Estudo avalia mudanças na zona litorânea de Ilhéus para planejar futuro sustentável

13 de julho de 2026
Estudo avalia mudanças na zona litorânea de Ilhéus para planejar futuro sustentável
Porto de Ilhéus - Crédito: Companhia das Docas do Estado da Bahia (CODEBA)

Por Millena Evylin

Uma pesquisa desenvolvida na Universidade Federal do Sul da Bahia (UFSB) utiliza recursos computacionais e mapas digitais para ajudar a planejar o futuro sustentável da cidade de Ilhéus. O estudo está analisando o deslocamento da areia na zona litorânea da cidade por meio do uso de imagens de satélite e inteligência artificial. 

O levantamento, conduzido pelo pesquisador Hércules da Silva Carvalho, analisa como a linha de costa se comporta após décadas de construções feitas na zona litorânea. A pesquisa busca entender como o ambiente busca seu equilíbrio natural, entendendo como a natureza reage a grandes obras, como o Porto do Malhado. Inaugurado em 1971, esse porto foi o primeiro do Brasil em mar aberto, segundo a Companhia das Docas da Bahia (Codeba).

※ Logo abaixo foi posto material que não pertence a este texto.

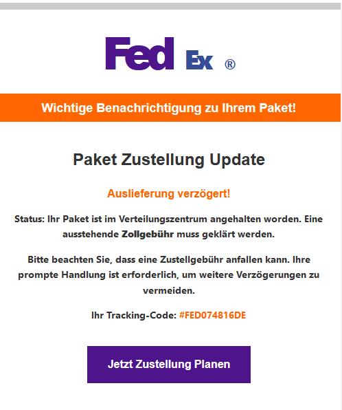 FedEx: Wir warten auf die Zahlung der Versandkosten für Ihr Paket F8265858458. Bitte regeln Sie Ihre Situation auf ..., damit die Lieferung pünktlich erfolgt.
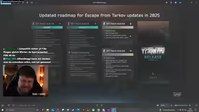00:39:29Es gibt eine angepasste Roadmap für Escape from Tarkov, und ein neuer Hardcore Wipe steht im Juli bevor, was neue Prestige-Levels und Anpassungen bedeutet. Der Streamer hat Geburtstag und plant, während seiner Elternzeit weniger Zeit für das Spiel zu haben. Er äußert sich zur Audio-Verbesserung im Spiel, welche seiner Ansicht nach zu spät kommt und zu viele Hardware-Probleme aufweist. Er geht auch auf die neuesten Patch Notes ein, insbesondere neue Sound-Optimierungen und Fehlerkorrekturen.

Carvalho explica que, para alcançar detalhes, a pesquisa utiliza métodos de processamento de mapas e observação por satélite. O estudo utiliza ainda o chamado “aprendizado de máquinas” para identificar nas imagens os tipos de vegetação e analisar o uso da terra na bacia do Rio Almada. O pesquisador esclarece que, embora o aprendizado de máquinas seja um braço da inteligência artificial, capaz de identificar sozinho formatos do terreno e melhorar a qualidade de imagens de satélite, seu uso no projeto ainda está sendo testado. Atualmente, o estudo foca em ler o que já foi escrito sobre o tema e analisar dados antigos para recuperar a história da costa, comparando dados de 1985 até 2025, para entender a velocidade das mudanças na praia. 

A pesquisa usou programas computacionais para medir com precisão, a partir das imagens, se a areia aumentou ou diminuiu, comparando décadas de registros fotográficos feitos por satélites. “Foram ferramentas utilizadas na identificação do avanço ou recuo da linha de costa próximo ao porto e geraram resultados que ainda estamos avaliando”, afirma o pesquisador.

Segundo Carvalho, o estudo vê a zona da praia como um organismo que está sempre se ajustando. “Consideramos que o encontro dos rios com o mar, como os rios Almada e Cachoeira, busca um estado de equilíbrio, resultado da briga entre forças naturais, como ondas e marés, e as construções feitas pelas pessoas”, explica o pesquisador. Ele reforça que o cenário atual mostra os pontos de onde o mar tira areia e onde a terra ganha espaço, mostrando como os efeitos das obras se somam às mudanças naturais do tempo.

A importância da pesquisa está em separar o que é impacto de obras antigas do que é influência natural atualmente. O estudo pretende ajudar o governo estadual e a prefeitura a criarem políticas mais assertivas para um planejamento urbano melhor para Ilhéus. “Esperamos que os resultados contribuam para a tomada de decisão, adotando como critério a proposição de medidas economicamente viáveis que integrem soluções baseadas na natureza ou intervenções de engenharia”, conclui o pesquisador. 

A pesquisa de Carvalho acontece no Programa de Pós-Graduação em Engenharia Civil e Ambiental da UFSB e da Universidade Estadual da Santa Cruz (UESC), sob orientação do professor Vinícius de Amorim Silva e integra os trabalhos do Grupo de Estudos em Geotecnologias, Inteligência Artificial e Dinâmica Socioambiental (Gedai).